Applied Statistics - Project 2

The purpose of Project 2 is for you to use your newly won statistical skills on data of your own liking. Only through applying the methods yourself do you realize their powers and weaknesses, and get the experience that they require. This is at the same time a chance for you to affiliate yourself with some of the groups at NBI, and to take part in the research that goes on here.

Requirements:
You are free to choose any dataset you like, however they should strive to fulfill the following very loose requirements:
  • There must be 1000+ data points/measurements.
  • These must not be from (simple) simulations.
  • You should apply a hypothesis test on them.
  • Prepare a 8-10 minute presentation for Monday the 16th of January.
    Thus, you don't need to write up a paper, but simply prepare slides, which can be presented in 8-10 minutes. If you have a lot of material, you are welcome to include this in backup/bonus slides.

    Ideas and proposals for projects:
    Project 2 is meant as a possibility to throw yourself at data in your favorit field of research, or one you would like to explore. Talk to research groups around NBI or elsewhere, as surely they all have data or aspects of it that they never got around to analyze.
    If you don't have any data to analyze, I have some interesting and illustrative yet relatively simple data sets, some of which are listed below.
  • Murders in Denmark 1980-2014 (about 1500 observations).
         MurderGenderAge.zip and NotesOnMurdersInDenmark.txt.
  • Rutherford's Experiment (seeing atoms!).
         This data is obtained "live" in collaboration with Ian Bearden.
  • UFO sightings 1950-2014 (about 75000 observations).
         UFOdata.txt and readUFOdata.py.
  • Tidal forces from two gravimeters (10000+ observations).
         TidalData_GDK.dat TidalData_GEK.dat and NotesOnTidalData.txt.
  • LHC 2015 "V0" data (10.000.000+ observations).
         This data set is too large to be posted (24 GB), but can be obtained along with programs to read it from Troels Petersen.

    Finally, the following two links contains many datasets of various sizes: Quora large datasets and Kaggle data competitions.

    Suggestions, comments and advice:
    While you are free to do your project as you see fit, the following are a few pieces of advice and suggestions:
  • Start the presentation by presenting your motive/aim and the data you will use to test your hypothesis. State how much data you have and the format (No, not "It is a text file of 2MB").
  • Describe what you do to the data in enough detail that others will be able to redo what you did.
  • Set up hypothesis tests (or whatever you're looking at) for each subject stated in the opening, and state the result quantitatively.
  • Abstract should be very short (5-10 lines), and it should summarize your results as well.
  • Most importantly, you should think about what figures you want to include, and how to make them the best possible. They should contain as much information as possible (be your main result!) while not getting cluttered and hard to read. Remember, they will be 75% of what people see, refere to, include in slides and posters, and understand from.
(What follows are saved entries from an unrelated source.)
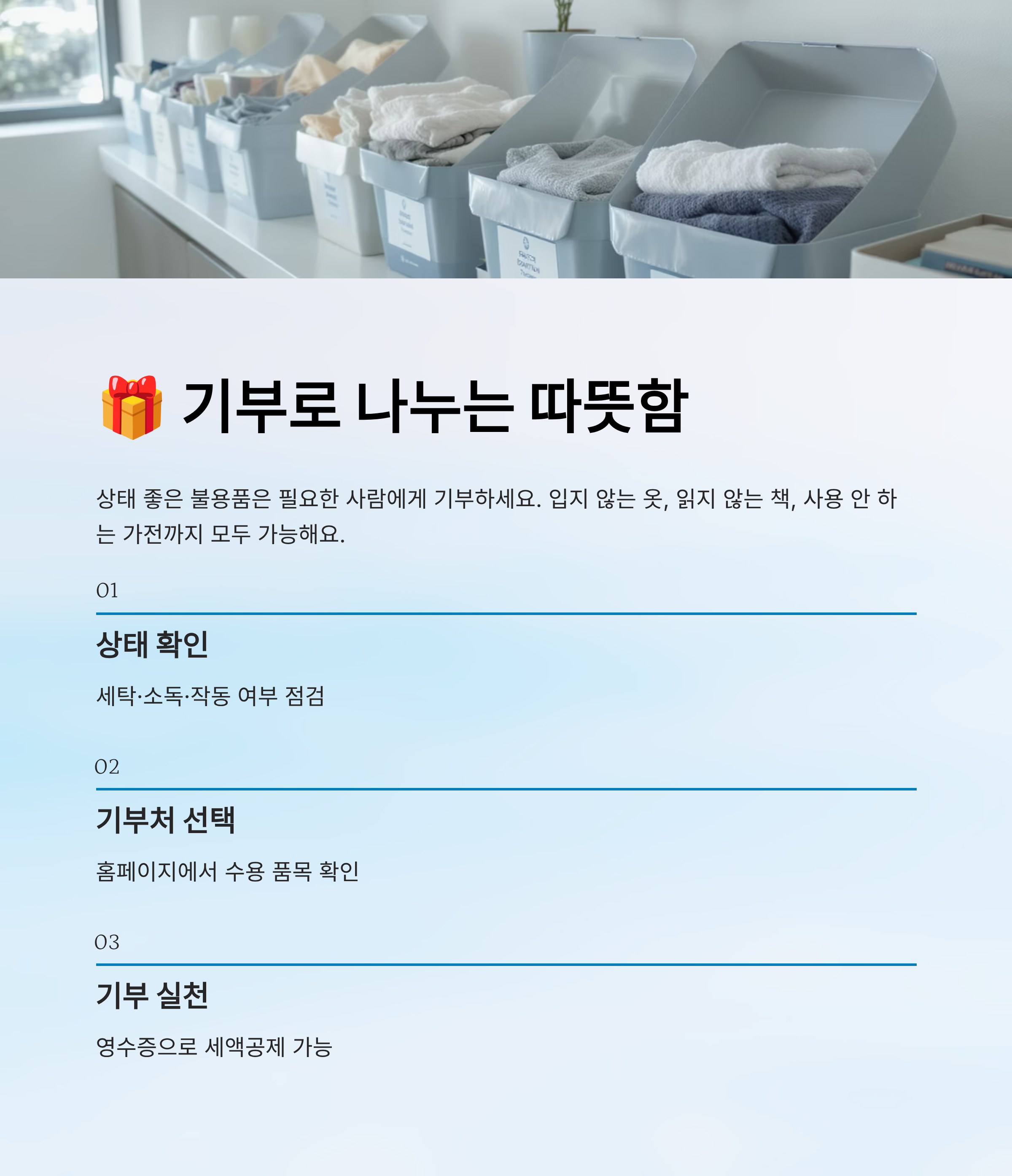 기부는 내 손을 떠나는 순간부터 또 다른 누군가에게 새로운 기회가 되기도 해요. 집 안의 공간도 여유로워지고, 마음도 따뜻해지는 경험을 할 수 있답니다. 환경과 사회에 동시에 긍정적인 영향을 주는 기부, 한 번 실천해보는 건 어떨까요? 😊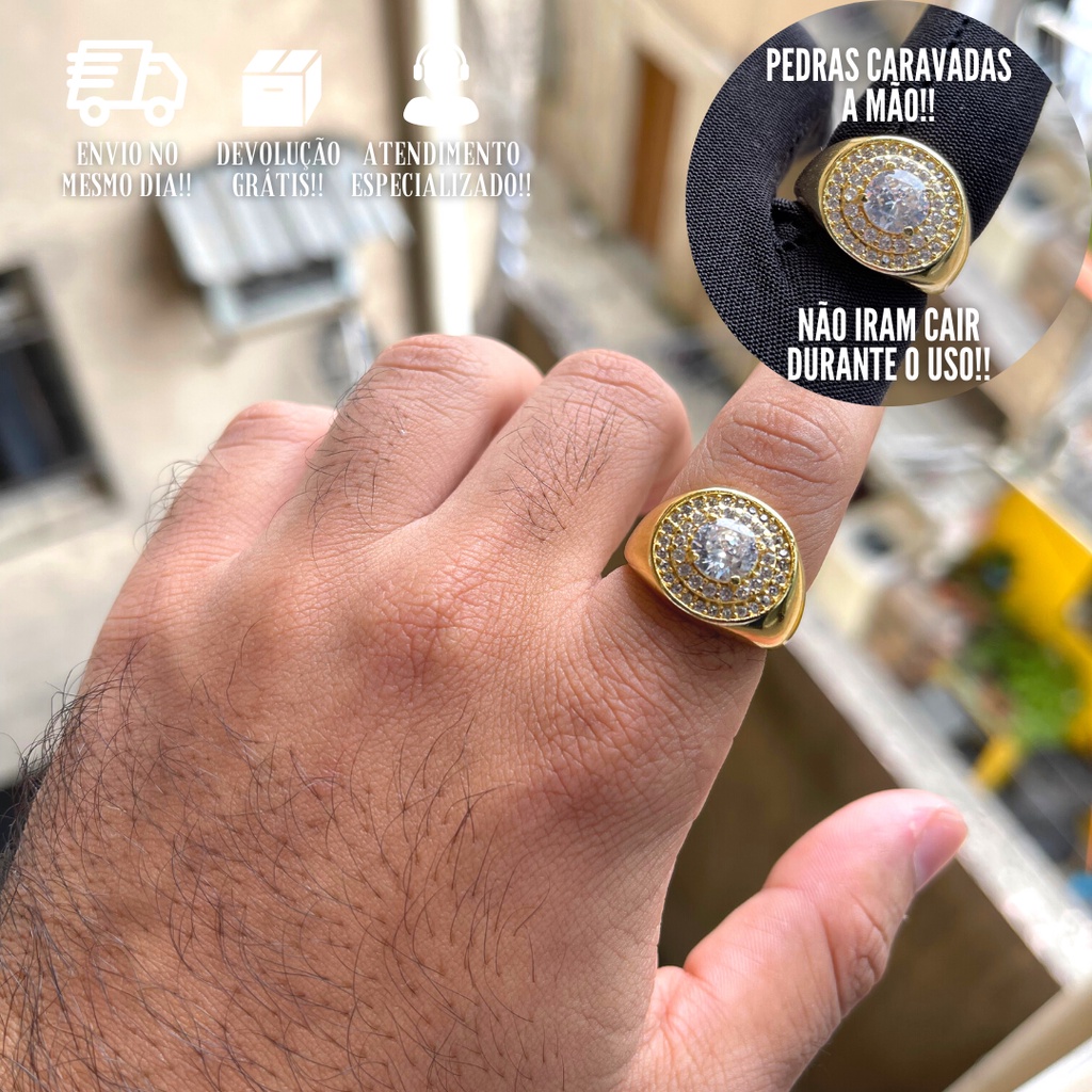 Anel Masculino De Ouro C/ Pedras Brilhantes Banhado a Ouro 24k Dedeira Cravejada Pedras Brancas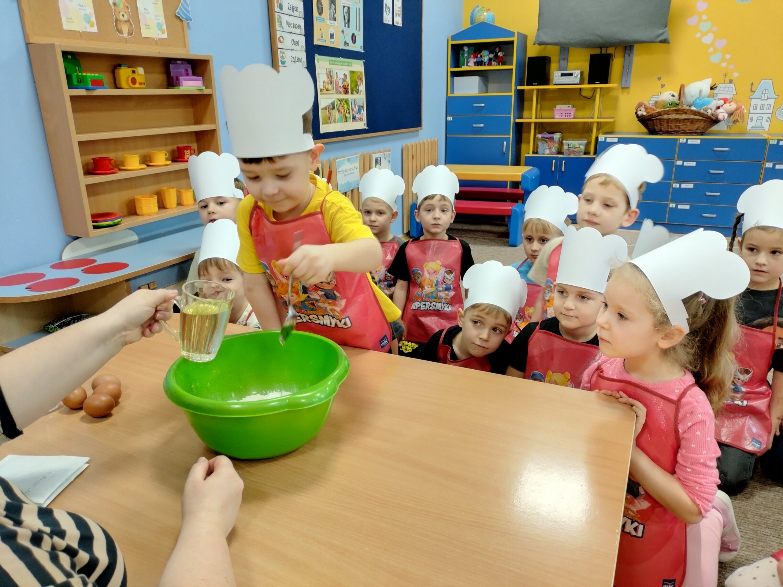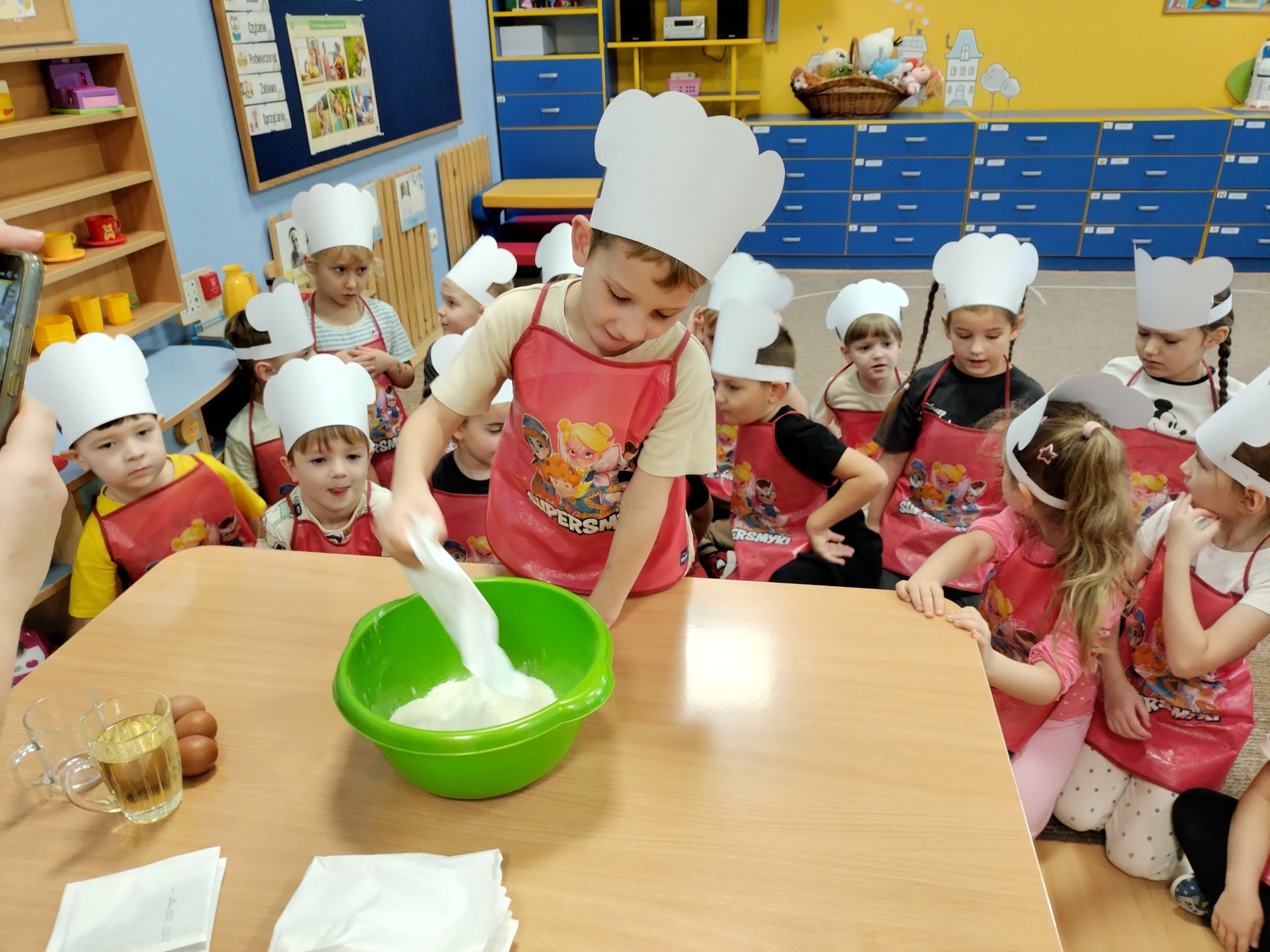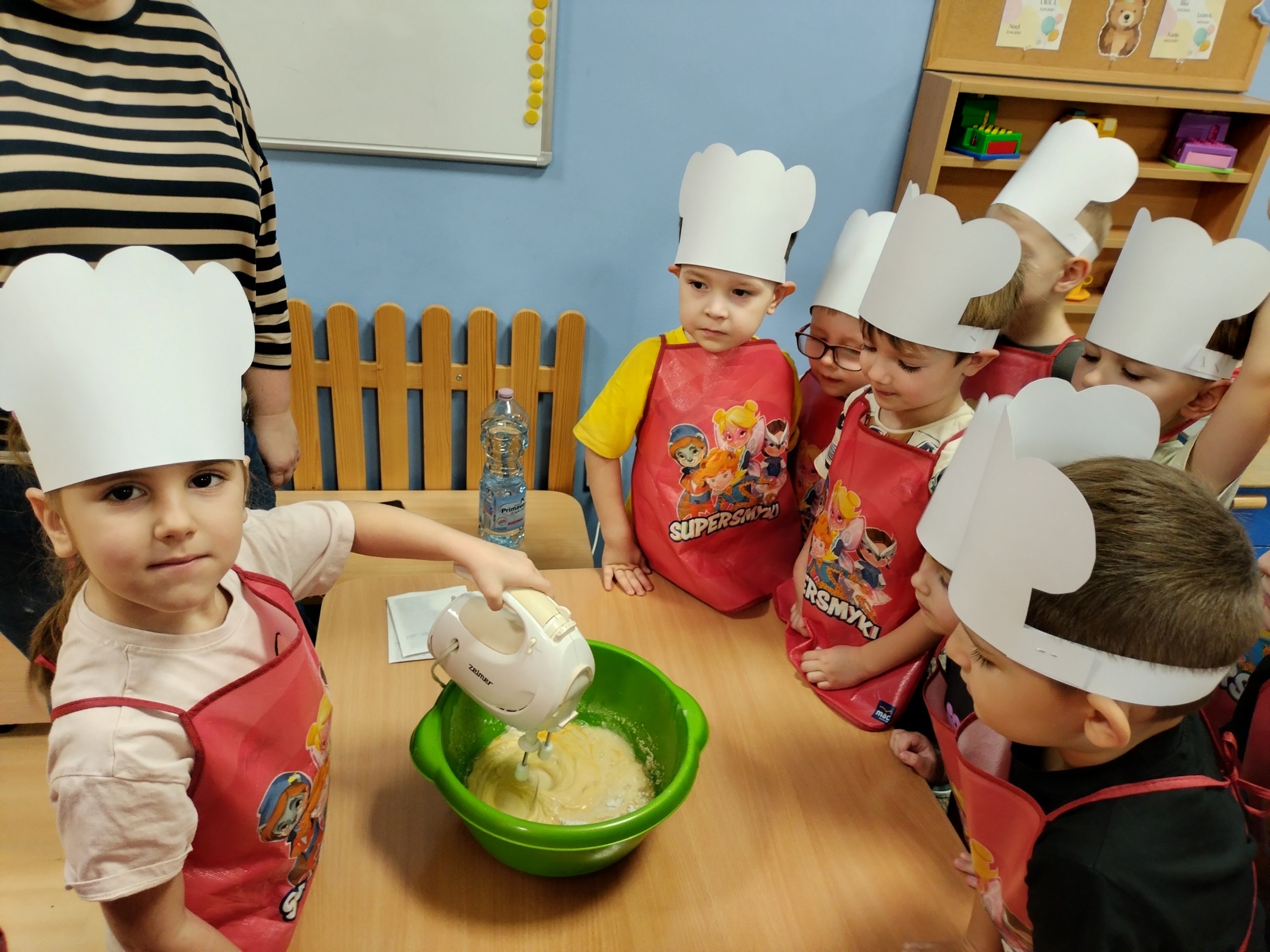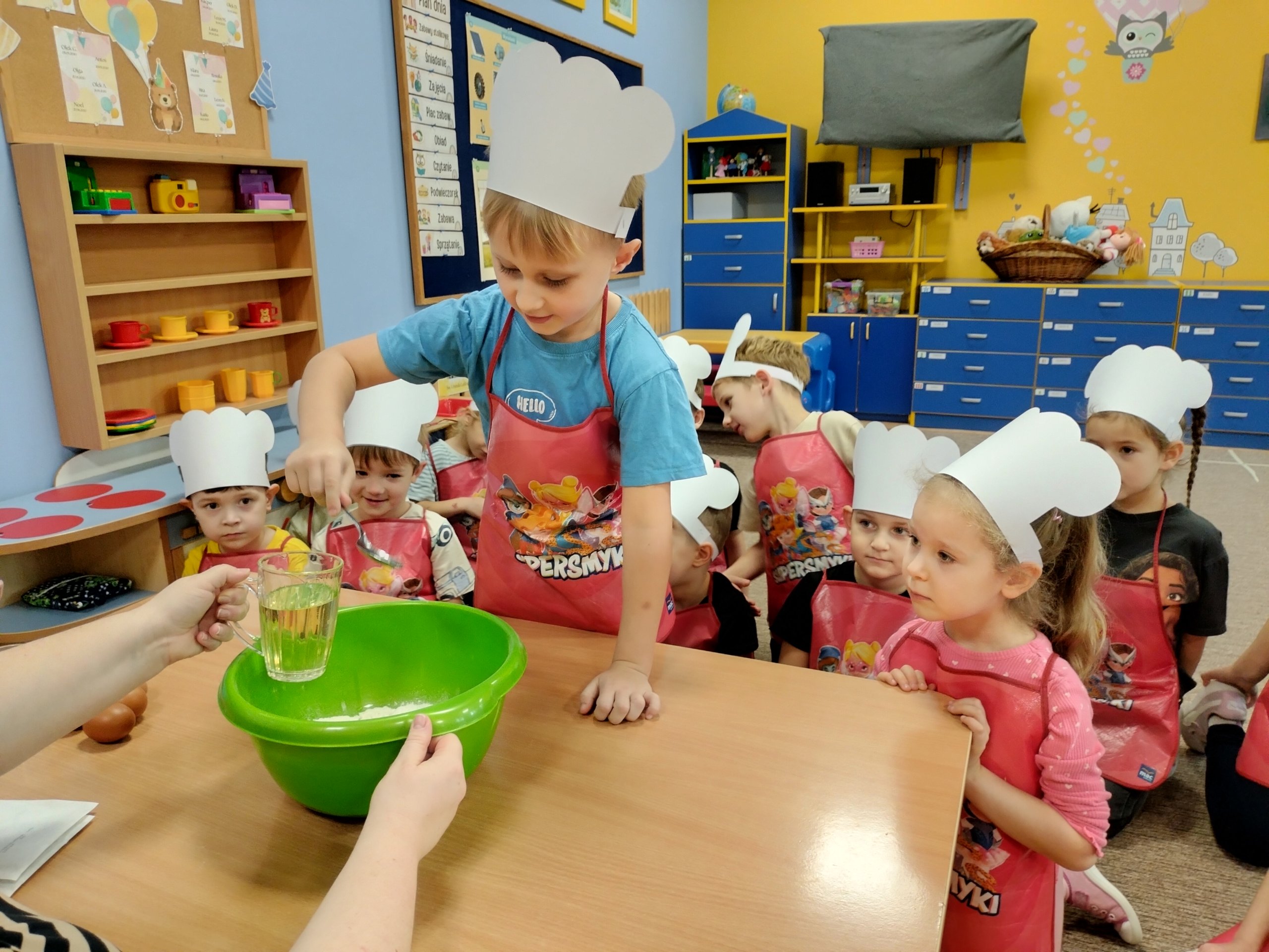 12 listopada 2025 r. Dzisiaj w naszym przedszkolu unosił się zapach pysznych babeczek, bowiem grupa „Maków” zamieniła się na zajęciach w małych cukierników. Pięciolatki z zapałem mieszały odpowiednie składniki i pilnowały proporcji (czasem dodawały trochę na „oko” :). Babeczki sprawiły dzieciom wiele radości i były doskonałą okazją do nauki współpracy oraz rozwijały samodzielność. A do tego były piękne i pyyyszne !

    A great project2 example:
    Two great examples of trying to analyse some fun/strange/weird data can be found here:
    Was 2016 especially dangerous for celebrities?
    How many famous people will die in 2017?
    Given the many deaths of prominent artists (David Bowie, Prince, George Michael and Leonard Cohen), Jason Crease and the MIT Media Lab finds data and puts an analysis together to test this hypothesis. Let these be a source of inspiration for your project2.

    Comments:
    Enjoy, have fun, and throw yourself boldly at the data.




    Last updated: 7th of December 2017.